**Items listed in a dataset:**
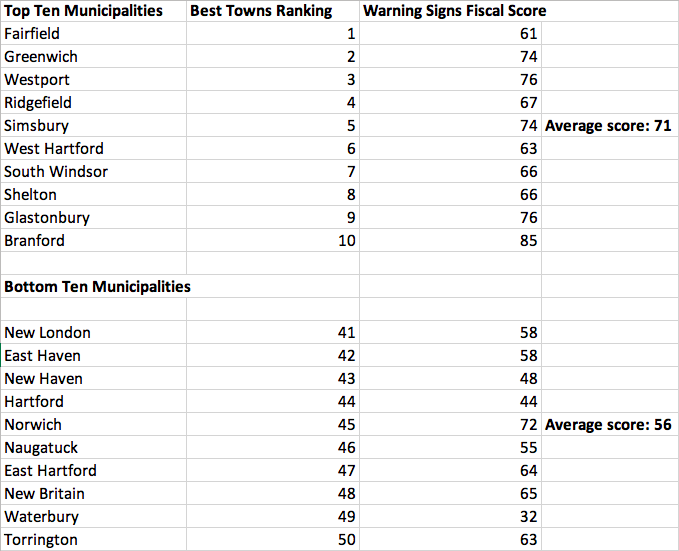 A number of municipalities which scored low on business friendliness, such as Waterbury, New Haven and Hartford face severe fiscal challenges.
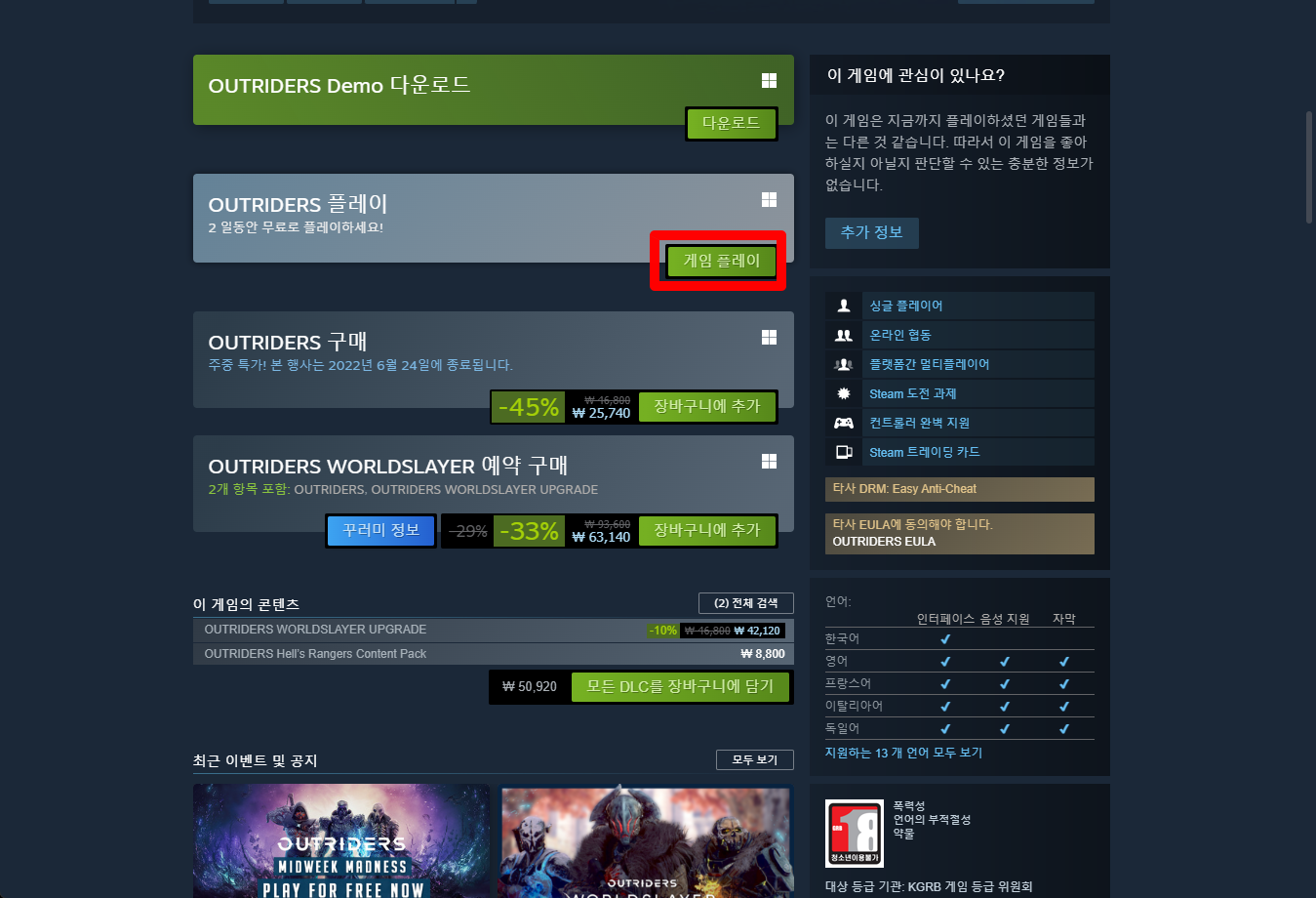 "OUTRIDERS" 게임페이지를 조금 내려서 [게임 플레이] 버튼을 클릭하면 됩니다.
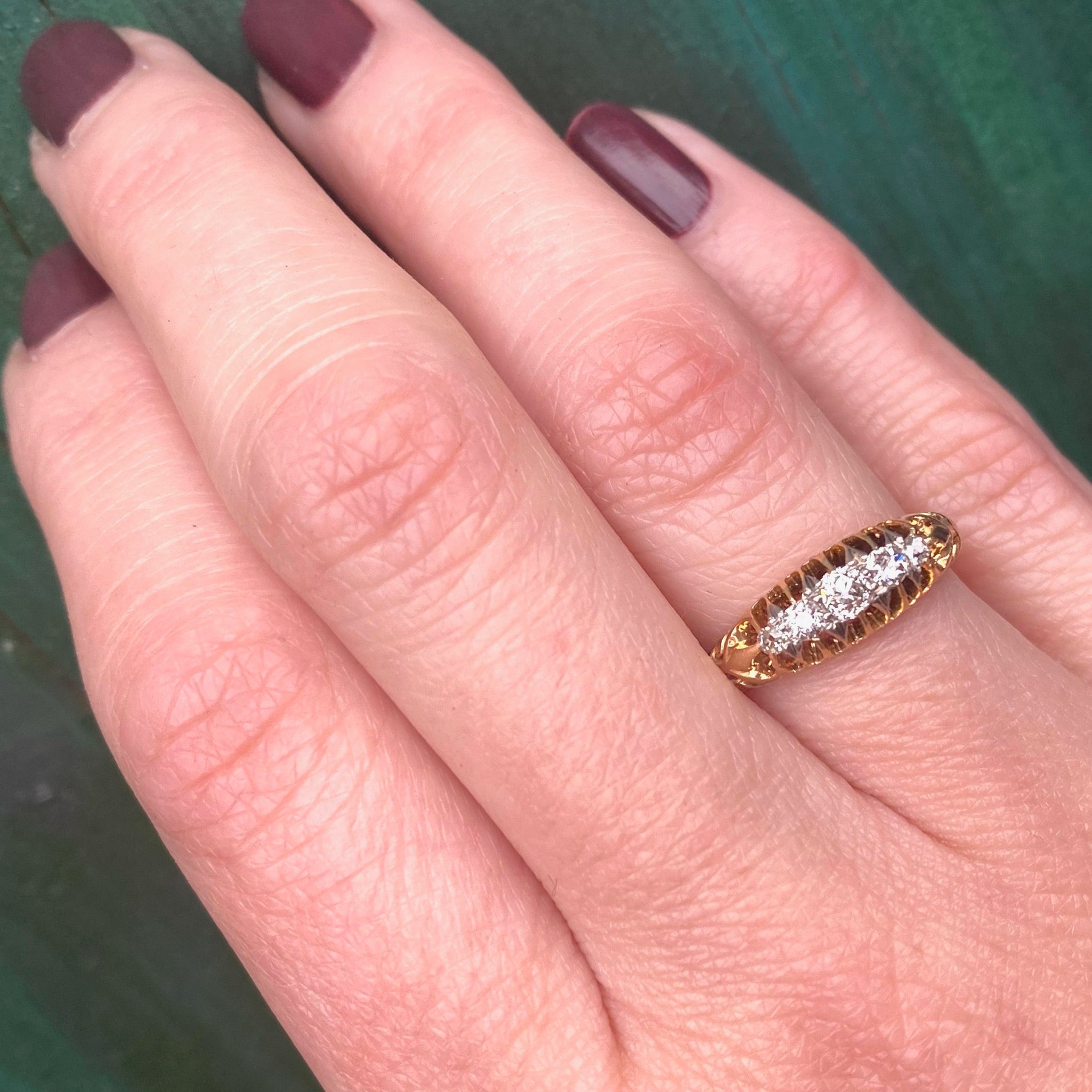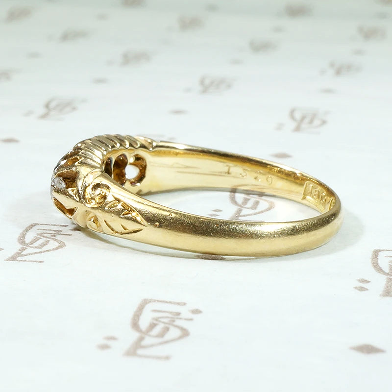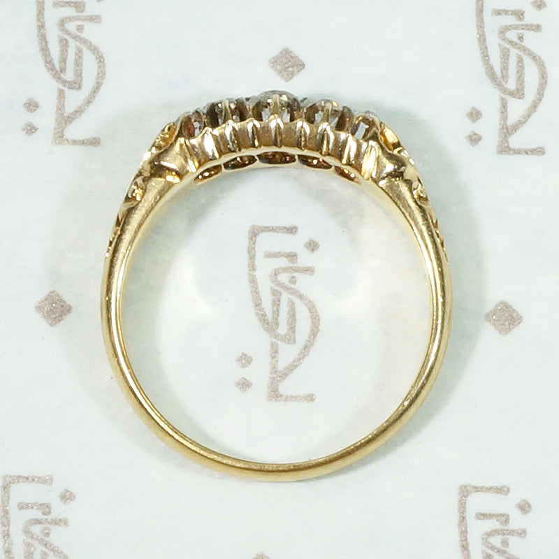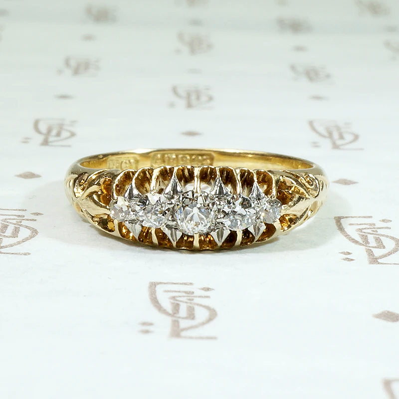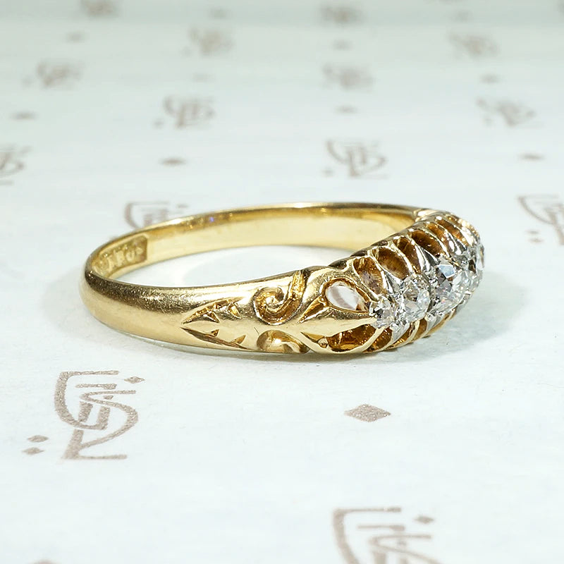 A lovely Edwardian diamond belcher band with finely sculpted details. Five graduated old mine cut diamonds are set across the top of the ring in the classic belcher method, with an unusual feature: alternating prongs are platinum. This creates an interesting effect. The glowing 18ct yellow gold shoulders are sculpted into an acanthus leaf motif. Great in a stack or on its own, a belcher ring is a must have for any antique jewelry collection. Circa 1900.
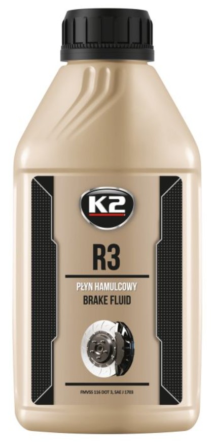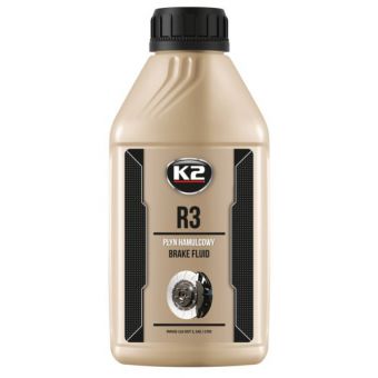 K2 R3 to w pełni syntetyczny najwyższej jakości płyn hamulcowy o temperaturze wrzenia pow. 240 st. C. Płyn hamulcowy R3 stosowany jest w samochodowych układach hamulcowych. Jest przeznaczony do wymiany i uzupełnienia płynu we wszystkich pojazdach, gdzie instrukcja obsługi nakazuje stosowanie płynu R3 lub DOT3.
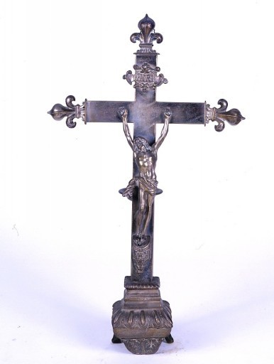 Croix fleurdelisée. Christ et titulus d'applique. Le pied de la croix est fixé dans une sorte de douille (?) d'un métal grossier.
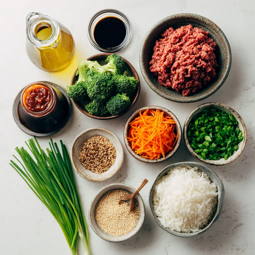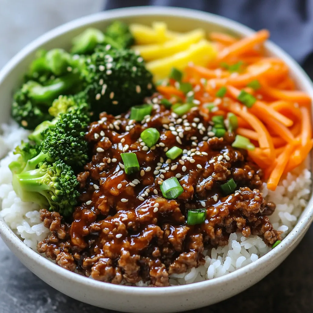 - 1 lb (450g) ground beef - 2 tablespoons soy sauce - 1 tablespoon gochujang (Korean chili paste) - 1 tablespoon sesame oil - 2 teaspoons grated ginger - 3 cloves garlic, minced - 1 teaspoon brown sugar - 2 green onions, chopped - 1 small carrot, julienned - 1 cup cooked jasmine rice - 1 cup steamed broccoli - Sesame seeds for garnish I love how these ingredients come together. The ground beef provides a rich base. Gochujang adds that signature kick. It’s sweet, spicy, and oh-so-delicious. Soy sauce brings umami, making every bite tasty. Aromatics like garlic and ginger are key. They create an amazing aroma as they cook. The carrots and broccoli add color and crunch. Plus, they bring a healthy balance to the dish. - Skillet - Spatula - Measuring Spoons For cooking, you'll need a skillet. This is where all the magic happens. A spatula helps break the beef apart while it cooks. Measuring spoons ensure you get the right amounts. This way, your flavors stay on point. Gather these items before you start. It makes the cooking process smoother and more fun! {{ingredient_image_1}} - Sautéing Garlic and Ginger First, heat 1 tablespoon of sesame oil in a large skillet over medium heat. Next, add 3 cloves of minced garlic and 2 teaspoons of grated ginger. Sauté these for about 30 seconds until they smell great. This step builds a strong flavor base for your dish. - Browning the Beef Now, add 1 pound of ground beef to the skillet. Cook the beef for 5-7 minutes. Use a spatula to break it apart as it cooks. You want it to be nicely browned. - Mixing in Soy Sauce and Gochujang After browning, drain any extra fat. Then, stir in 2 tablespoons of soy sauce, 1 tablespoon of gochujang, and 1 teaspoon of brown sugar. Mix everything well. Let it simmer for 2-3 minutes. This helps the beef soak up all those spicy flavors. - Serving Over Jasmine Rice Grab 1 cup of cooked jasmine rice for each bowl. Spoon the spicy beef mix over the rice. This makes a tasty and filling base. - Adding Steamed Broccoli and Garnishing Top each bowl with 1 cup of steamed broccoli. Then, sprinkle 2 chopped green onions and some sesame seeds on top. This adds color and crunch to your meal. Enjoy the burst of flavors in every bite! - Adjusting Gochujang Levels Gochujang gives the dish its heat. Start with one tablespoon. If you like more spice, add more gochujang. Mix it in well. You can always taste as you go. This way, you find your perfect heat level. - Taste Testing Before Serving Always taste your beef mix before serving. This lets you check if it needs more spice or seasoning. A quick taste can help balance flavors. Adjust spice levels if needed. Your guests will appreciate the effort. - Ground Beef Variations Use quality ground beef for the best flavor. You can also try lean ground turkey. It gives a lighter option without losing taste. Make sure to choose a fresh product. This makes a difference in your dish. - Sourcing Quality Ingredients Look for grass-fed beef or local sources. Fresh ingredients always enhance flavor. Visit farmer's markets if possible. They often have better quality products. This can elevate your spicy Korean beef bowls. - Pre-cooking Rice Cook your jasmine rice ahead of time. It saves you a lot of time. Make a big batch and store it in the fridge. This way, you can quickly assemble meals during the week. - Meal Prep Options Prepare your beef mix in advance. Cook it and store it in an airtight container. This keeps it fresh for a few days. You can reheat it easily for quick meals. Meal prep makes weeknight dinners much simpler. Pro Tips Use Fresh Ingredients: Fresh ginger and garlic will enhance the flavor of your dish significantly. Try to use freshly grated ginger and minced garlic for the best results. Adjust the Spice Level: If you prefer a milder dish, reduce the amount of gochujang. You can also add more sugar to balance the heat. Meal Prep Friendly: This recipe is perfect for meal prepping. Cook a larger batch and divide into containers for easy lunches throughout the week. Garnish for Flavor: Don't skip the sesame seeds and green onions! They add not only visual appeal but also a nice crunch and extra flavor. {{image_2}} You can switch out the ground beef for other proteins. Using chicken is great. Ground chicken works well in this dish. It absorbs the flavors nicely. You can also use tofu for a plant-based option. Firm tofu gives a nice texture. Just crumble it and cook it like beef. For a vegan adaptation, try using tempeh or lentils. Both options are healthy and tasty. They soak up the sauce and spices well. This way, everyone can enjoy the dish! Feel free to add different vegetables to your bowls. Bell peppers, snap peas, or zucchini can add color and crunch. You can also toss in some spinach for extra greens. It wilts down nicely and adds nutrients. Pair your spicy beef bowls with side dishes. Kimchi is a classic Korean side that adds tang. You could also serve a simple cucumber salad. This cools your palate and balances the heat. Want to amp up the flavor? Incorporate other spices like sesame seeds or red pepper flakes. These can give more depth to the dish. You can also try adding a splash of rice vinegar. It brings a nice zing to the mix. Different sauces can enhance your beef bowls too. Swap the soy sauce for tamari for a gluten-free option. Or mix in some hoisin sauce for a sweet twist. Experimenting with these can make your meal unique every time! To store leftovers, place the beef bowls in an airtight container. Make sure to cool them to room temperature first. This helps keep the food fresh. Use them within three to four days for the best taste. For the best containers, use glass or BPA-free plastic ones. They keep food fresh and help avoid spills in the fridge. When reheating, the microwave works well, but use medium heat. Stir the beef every minute to heat it evenly. Another great method is using a skillet on low heat. This keeps the flavors bright. To prevent dryness, add a spla
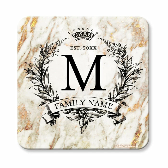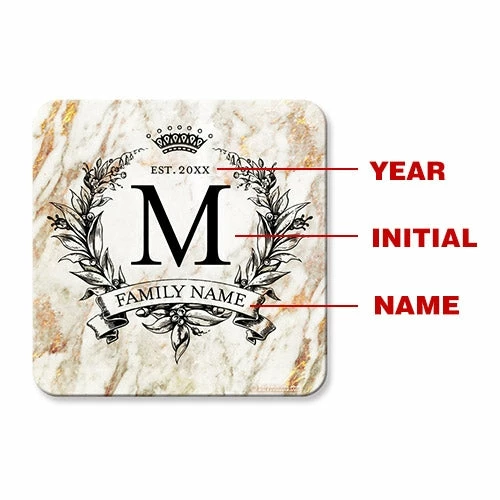 Decorate your tables and set drinks down in style with this Marble Monogram square cork bottom coaster! Each coaster features a printed marble design and personalized monogram with your custom year, initial and name. These coasters measure the standard 4″ x 4″ coaster size and feature a quality cork bottom that prevents slipping and scuffing on table tops.
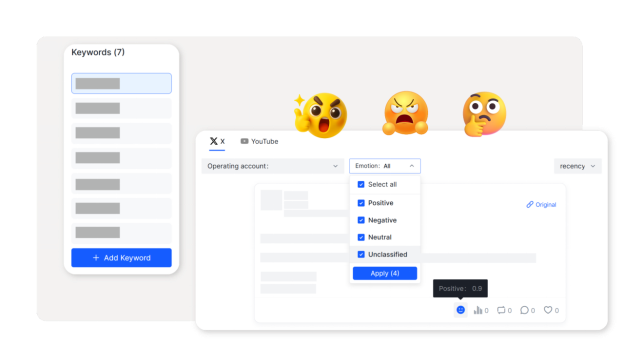Automatically track keywords across platforms to catch every signal.
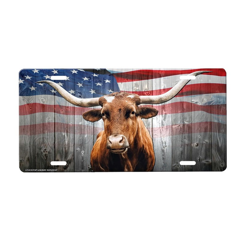 Longhorn Front License Plate with Custom Background Options
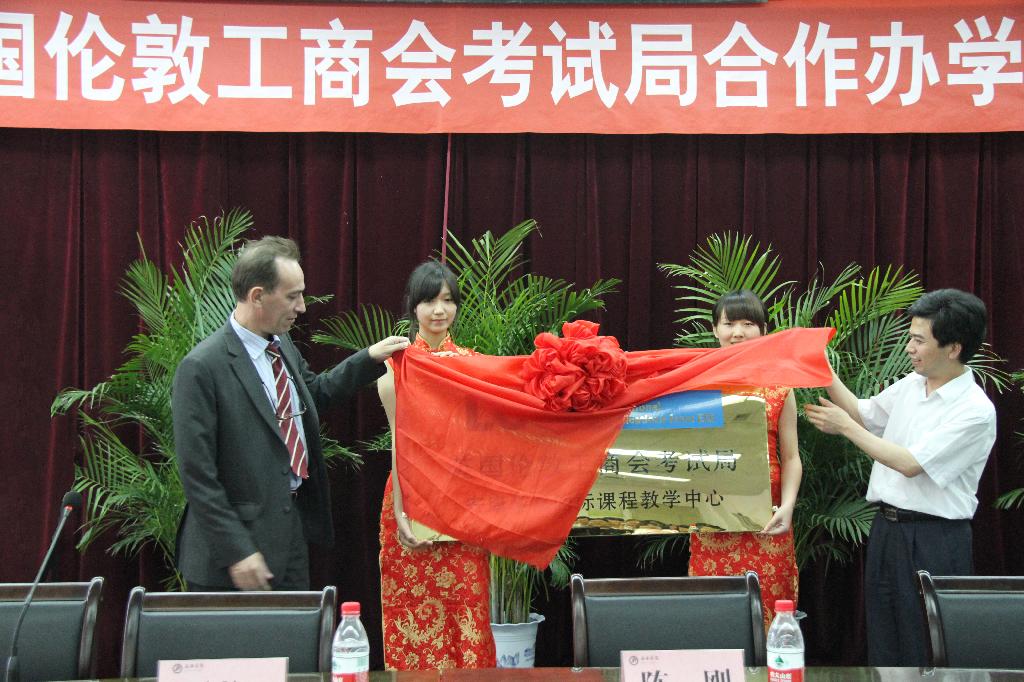 LCCI亚洲区总裁 Mark Disney先生发表了幽默风趣的讲话。他首先向促成此次合作办学的所有人员表示感谢,然后简单地介绍了LCCI,该机构在全世界86个国家设有5000多个考试中心,每年有800,000多人参加考试,是世界最大的及最受承认的国际职业资格鉴定组织,特别是在英联邦国家和东南亚国家一直享有“求职通行证”的美誉。
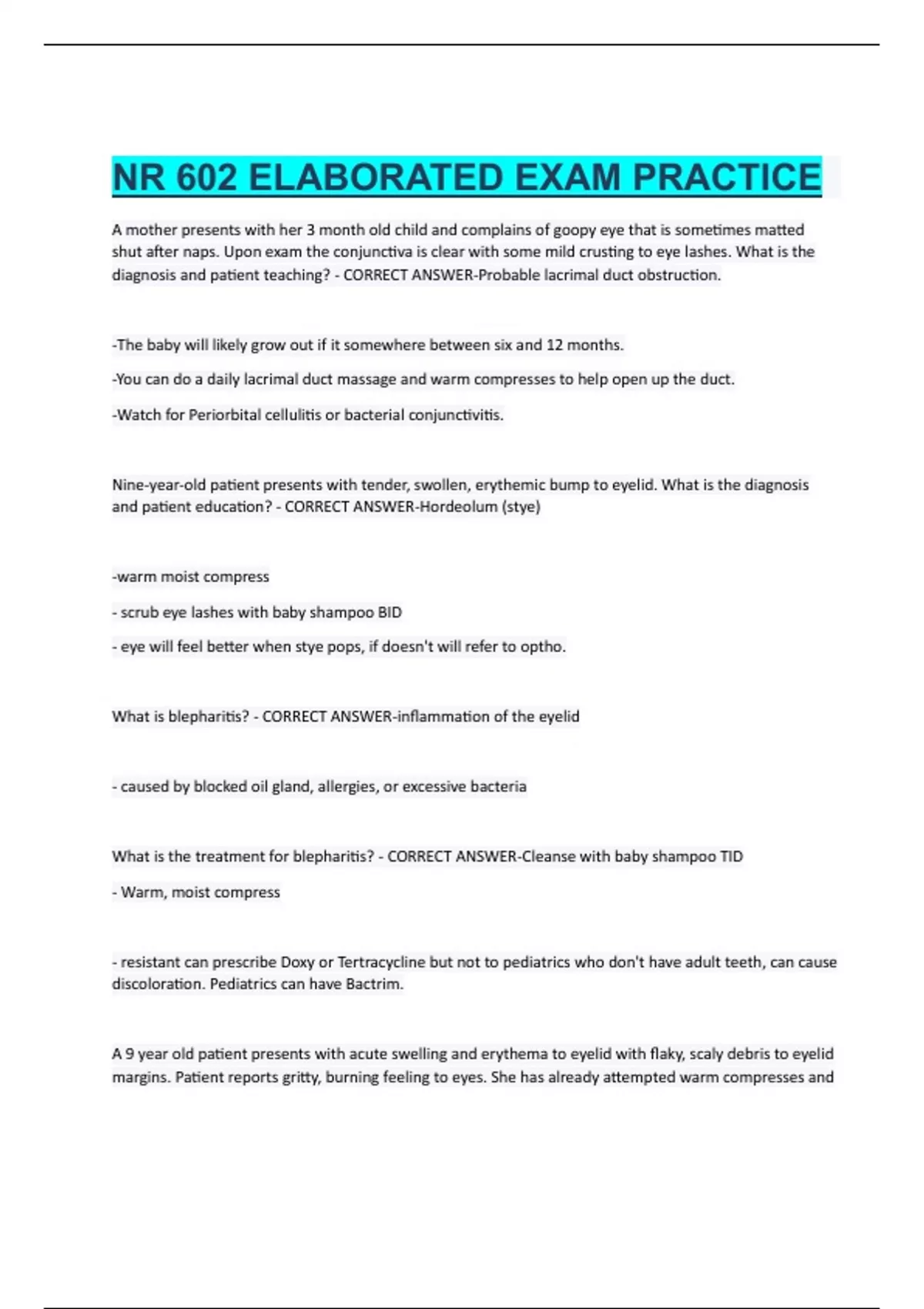 NR 602 ELABORATED EXAM PRACTICE A mother presents with her 3 month old child and complains of goopy eye that is sometimes matted shut after naps. Upon exam the conjunctiva is clear with some mild crusting to eye lashes. What is the diagnosis and patient teaching? - CORRECT ANSWER-Probable lacrimal duct obstruction. -The baby will likely grow out if it somewhere between six and 12 months. -You can do a daily lacrimal duct massage and warm compresses to help open up the duct. -Watch for Periorbital cellulitis or bacterial conjunctivitis. Nine-year-old patient presents with tender, swollen, erythemic bump to eyelid. What is the diagnosis and patient education? - CORRECT ANSWER-Hordeolum (stye) -warm moist compress - scrub eye lashes with baby shampoo BID - eye will feel better when stye pops, if doesn't will refer to optho. What is blepharitis? - CORRECT ANSWER-inflammation of the eyelid - caused by blocked oil gland, allergies, or excessive bacteria What is the treatment for blepharitis? - CORRECT ANSWER-Cleanse with baby shampoo TID - Warm, moist compress - resistant can prescribe Doxy or Tertracycline but not to pediatrics who don't have adult teeth, can cause discoloration. Pediatrics can have Bactrim. A 9 year old patient presents with acute swelling and erythema to eyelid with flaky, scaly debris to eyelid margins. Patient reports gritty, burning feeling to eyes. She has already attempted warm compresses and

**Your objective:** Repeat only what lies between the start of the data and the end of the line containing "Croix fleurdelisée. Christ", exactly, with pictures left out.

**Written solution:**
 A number of municipalities which scored low on business friendliness, such as Waterbury, New Haven and Hartford face severe fiscal challenges.
 "OUTRIDERS" 게임페이지를 조금 내려서 [게임 플레이] 버튼을 클릭하면 됩니다.
 A lovely Edwardian diamond belcher band with finely sculpted details. Five graduated old mine cut diamonds are set across the top of the ring in the classic belcher method, with an unusual feature: alternating prongs are platinum. This creates an interesting effect. The glowing 18ct yellow gold shoulders are sculpted into an acanthus leaf motif. Great in a stack or on its own, a belcher ring is a must have for any antique jewelry collection. Circa 1900.
 K2 R3 to w pełni syntetyczny najwyższej jakości płyn hamulcowy o temperaturze wrzenia pow. 240 st. C. Płyn hamulcowy R3 stosowany jest w samochodowych układach hamulcowych. Jest przeznaczony do wymiany i uzupełnienia płynu we wszystkich pojazdach, gdzie instrukcja obsługi nakazuje stosowanie płynu R3 lub DOT3.
 Croix fleurdelisée. Christ et titulus d'applique. Le pied de la croix est fixé dans une sorte de douille (?) d'un métal grossier.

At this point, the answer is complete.